Hi everyone! I joined this forum because my dad passed away and I have his train. I do not have the engine. It may be in the garage or somewhere. I am looking to give this to someone who can use it or give it to someone starting out. Any suggestions?
American Flyer. year- 1947. I have attached some photos.


----------



## sjm9911 (Dec 20, 2012)

Wow Suzan, someone here will be happy to have that. I'll cross post to the flyer guys.


----------



## suzanne odonnell (May 6, 2017)

Thanks SJM9911. I don't navigate these threads well. Any help is appreciated.


----------



## chevelle454 (Jan 15, 2017)

I'm interested. Please email me at [email protected].


----------



## Old feller (Mar 30, 2012)

Suzanne, If the switches are not taken I am interested. Ken at 
[email protected] 
Thanks


----------



## flyernut (Oct 31, 2010)

I would be interested in the track and cars, if possible.. E-mail is [email protected] Thank you. I still have my Dad's first train set from 1927, so I know how sentiment works.. Thanks for offering these treasures.. My zip is 14589...And of course, I pay shipping costs.


----------



## T-Man (May 16, 2008)

Sue you are all heart. :appl:


----------



## mopac (Feb 24, 2011)

Congrats to the person or persons that got this neat stuff. I saw the post way to late.
Suzanne, very cool of you to give the stuff away. It will be much appreciated by the guys here.

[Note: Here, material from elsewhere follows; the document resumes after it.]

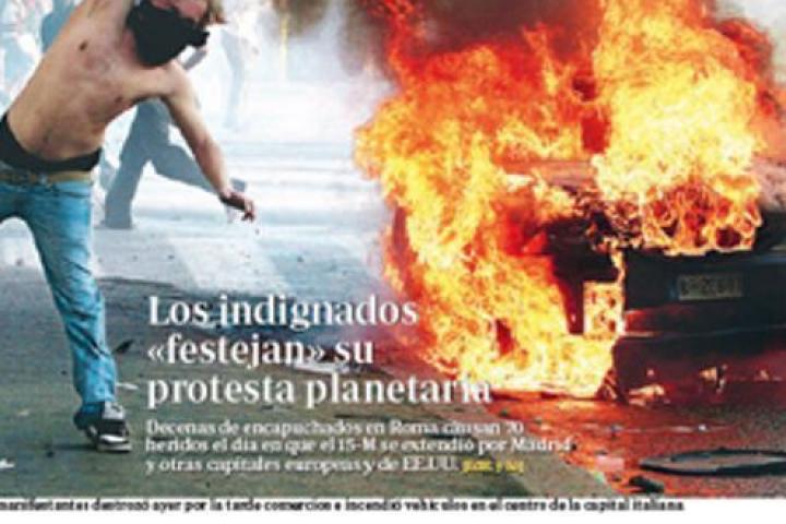 Casi una película de Truffaut, pero no, otra vez ABC. Bajo el titular de “400 «profesionales» de la algarada agitan Madrid contra el Gobierno”, el diario parecía querer reflejar una profesionalización en los indignados, después de que en febrero de 2012 tuviesen lugar incidentes ante la sede del PP, Génova 13.

Sorry about your dad passing. Never an easy thing. Your dad would be glad his stuff is back in use.


----------



## flyernut (Oct 31, 2010)

Here's hoping "Dads" trains went to someone who can put them to good use. If they're still available, please eliminate me from any considerations.. I already have enough trains, and someone else could surely use them... Thanks for offering them though to the great people here.:appl:


----------